Setelah itu aku mengikuti nasehat penjual sangkar untuk membeli 2 pasang parkit untuk teman Kitkit dan Kitkot. Akhirnya satu sangkar biru ada 3 pasang parkit dengan 3 gelodok. Namun setelah semalam ronda dan cerita dengan teman rondaku tentang parkit, parkit ternaknya satu kandang hanya diisi sepasang parkit. Siangnya aku melihat bagaimana kandang peternakan parkit milik temanku itu. Dengan terinspirasi temanku itu yang sudah sukses memperanakkan beberapa pasang parkit, maka aku mencoba membuat kandang untuk 2 pasang parkit dengan bahan kayu blabak dan kawat strimin. Akhirnya setelah hampir satu minggu beralih profesi jadi tukang kayu jadilah kandang untuk 2 pasang parkit. Akhirnya Kitkit dan Kitkot kupindah ke kandang baru bersama sepasang temannya berwarna biru. Namun beberapa hari di situ tidak juga membuat Kitkit mau bertelur malah hal yang tak kuduga terjadi yaitu, kandang belakang pakunya lepas dan kayunya menganga di seruduk tikus yang mengakibatkan sepasang parkit biru terbang mengembara entah kemana. Rasanya jengel bercampur kecewa perjuangan membuat kandang seminggu rasanya sia-sia, akhirnya daripada Kitkit dan Kitkot mengalami hal serupa kupindah kembali mereka ke kandang biru. Akhirnya kandang kayu blabak itu kupindah dan kumanfaatkan untuk memelihara ayam kate yang tidak bisa terbang walaupun lubangnya menganga terbuka, akhirnya aku membeli sepasang parkit baru warna hijau muda dan biru muda untuk mengganti yang lepas.

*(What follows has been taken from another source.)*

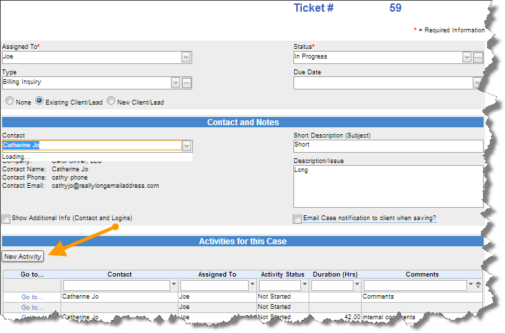 You can assign the follow up activity to another user. Make sure to enter in the “Follow Up Internal Comments” information so that the NEXT user that you assigned the follow up to knows what is expected of them. They will also be able to see the Internal Comments for the activity that was immediately prior to their activity.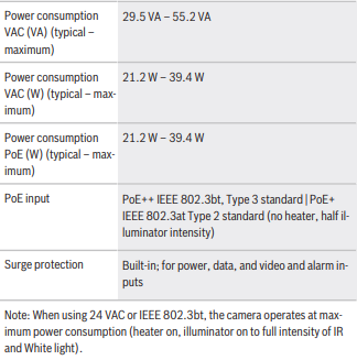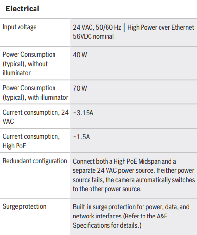 *For models with attached illuminators, use the 95 W midspan sold by Bosch. For models without illuminators, use the 60 W midspan sold by Bosch, or a midspan that is compliant to the IEEE 802.3at, class 4 standard

Beberapa waktu berselang, akhirnya Kitkit dan Kitkot mau masuk glodok dan bertelur. Dari kelima telurnya menetas 2 ekor dan dipelihara serta diloloh oleh kedua induknya. Akhirnya setelah sebulan mulailah mereka belajar terbang keluar glodok. Anehnya anak Kitkit dan Kitkot tidak berwarna putih namun biru dan hijau muda. Namun sayang karena waktu belajar terbang dan belajar minum, Si Biru anak Kitkit kepalanya masuk tempat minum dan tak bisa keluar maklum masih piyik dan akhirnya mati terendam air minum. Kecewa lagi, setelah penantian selama sebulan akhirnya hanya gara-gara hal sepele terlalu kecilnya tempat minum dan keasatan sehingga mengakibatkan matinya Si Mungil Biru. Akhirnya tinggal Si Hijau Muda ini harapan dan bukti proses pembelajaran yang tidak mudah.